Data items:
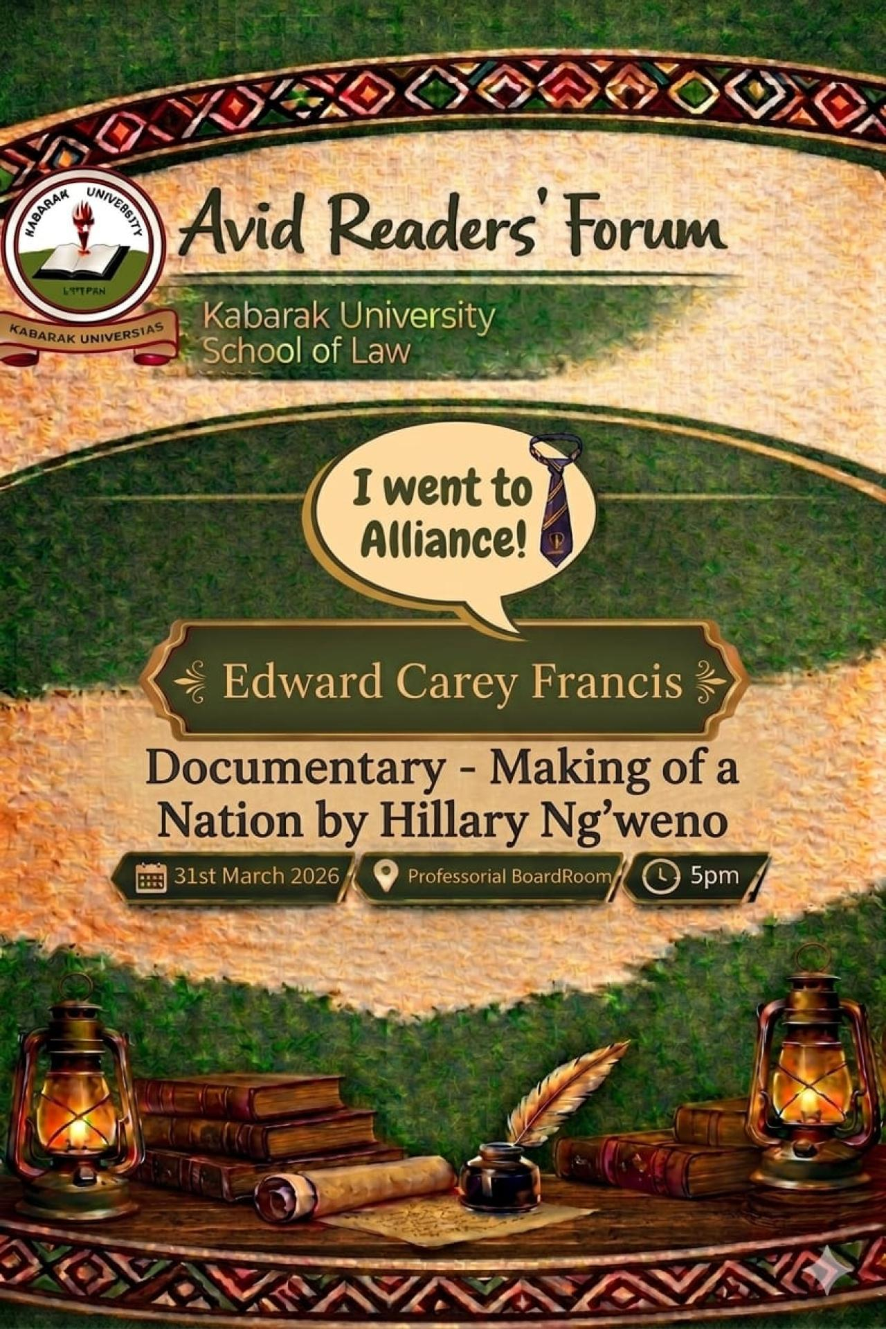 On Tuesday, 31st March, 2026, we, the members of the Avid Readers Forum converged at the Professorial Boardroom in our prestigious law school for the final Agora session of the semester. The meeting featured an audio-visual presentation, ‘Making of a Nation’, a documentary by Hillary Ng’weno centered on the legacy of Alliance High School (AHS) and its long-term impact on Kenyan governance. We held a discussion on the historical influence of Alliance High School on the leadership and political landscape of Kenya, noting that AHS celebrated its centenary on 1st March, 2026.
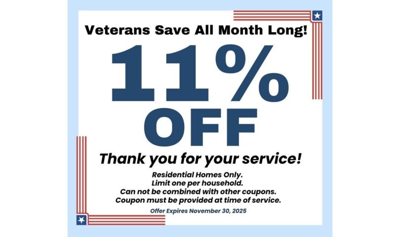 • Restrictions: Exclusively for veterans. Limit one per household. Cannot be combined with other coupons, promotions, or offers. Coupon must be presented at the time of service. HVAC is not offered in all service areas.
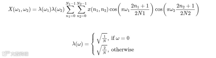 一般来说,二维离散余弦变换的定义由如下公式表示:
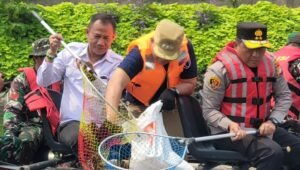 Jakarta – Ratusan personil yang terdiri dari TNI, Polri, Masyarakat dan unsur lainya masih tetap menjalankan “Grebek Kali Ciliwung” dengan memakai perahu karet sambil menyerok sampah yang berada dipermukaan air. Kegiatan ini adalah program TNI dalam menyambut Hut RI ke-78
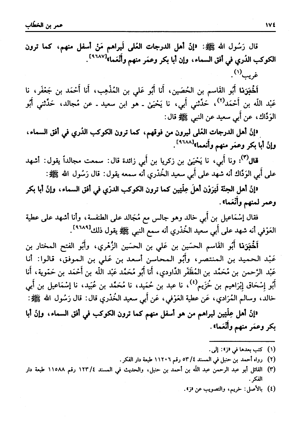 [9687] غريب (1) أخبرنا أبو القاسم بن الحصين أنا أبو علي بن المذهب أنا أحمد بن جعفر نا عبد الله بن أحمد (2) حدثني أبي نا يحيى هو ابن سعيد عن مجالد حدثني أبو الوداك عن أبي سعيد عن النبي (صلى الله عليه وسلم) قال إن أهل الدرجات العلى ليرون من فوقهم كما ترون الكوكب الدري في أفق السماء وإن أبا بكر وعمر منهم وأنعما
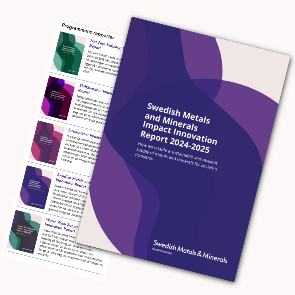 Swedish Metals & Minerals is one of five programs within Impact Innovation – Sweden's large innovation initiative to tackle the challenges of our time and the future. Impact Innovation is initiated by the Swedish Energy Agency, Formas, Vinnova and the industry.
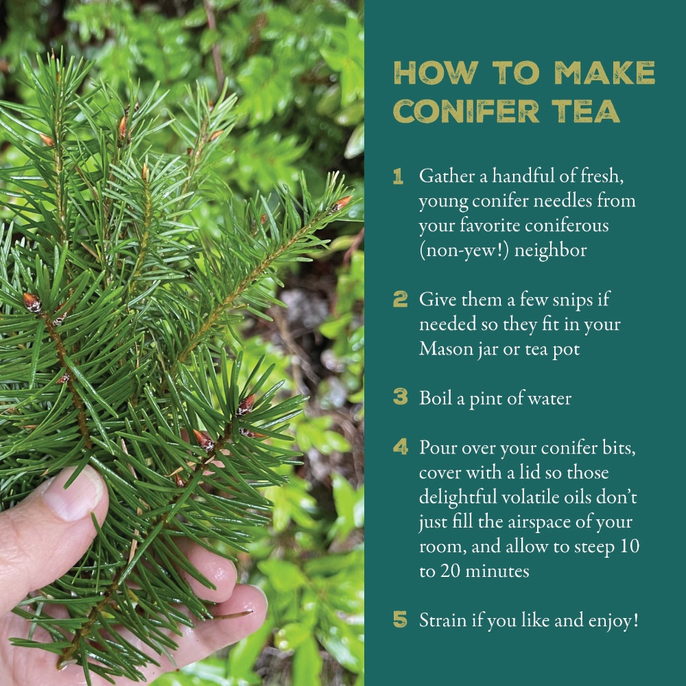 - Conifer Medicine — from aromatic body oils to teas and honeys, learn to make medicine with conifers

## Directions for this task
Output the entries exactly as they appear, with no pictures included.

## Task solution
 On Tuesday, 31st March, 2026, we, the members of the Avid Readers Forum converged at the Professorial Boardroom in our prestigious law school for the final Agora session of the semester. The meeting featured an audio-visual presentation, ‘Making of a Nation’, a documentary by Hillary Ng’weno centered on the legacy of Alliance High School (AHS) and its long-term impact on Kenyan governance. We held a discussion on the historical influence of Alliance High School on the leadership and political landscape of Kenya, noting that AHS celebrated its centenary on 1st March, 2026.
 • Restrictions: Exclusively for veterans. Limit one per household. Cannot be combined with other coupons, promotions, or offers. Coupon must be presented at the time of service. HVAC is not offered in all service areas.
 一般来说,二维离散余弦变换的定义由如下公式表示:
 Jakarta – Ratusan personil yang terdiri dari TNI, Polri, Masyarakat dan unsur lainya masih tetap menjalankan “Grebek Kali Ciliwung” dengan memakai perahu karet sambil menyerok sampah yang berada dipermukaan air. Kegiatan ini adalah program TNI dalam menyambut Hut RI ke-78
 [9687] غريب (1) أخبرنا أبو القاسم بن الحصين أنا أبو علي بن المذهب أنا أحمد بن جعفر نا عبد الله بن أحمد (2) حدثني أبي نا يحيى هو ابن سعيد عن مجالد حدثني أبو الوداك عن أبي سعيد عن النبي (صلى الله عليه وسلم) قال إن أهل الدرجات العلى ليرون من فوقهم كما ترون الكوكب الدري في أفق السماء وإن أبا بكر وعمر منهم وأنعما
 Swedish Metals & Minerals is one of five programs within Impact Innovation – Sweden's large innovation initiative to tackle the challenges of our time and the future. Impact Innovation is initiated by the Swedish Energy Agency, Formas, Vinnova and the industry.
 - Conifer Medicine — from aromatic body oils to teas and honeys, learn to make medicine with conifers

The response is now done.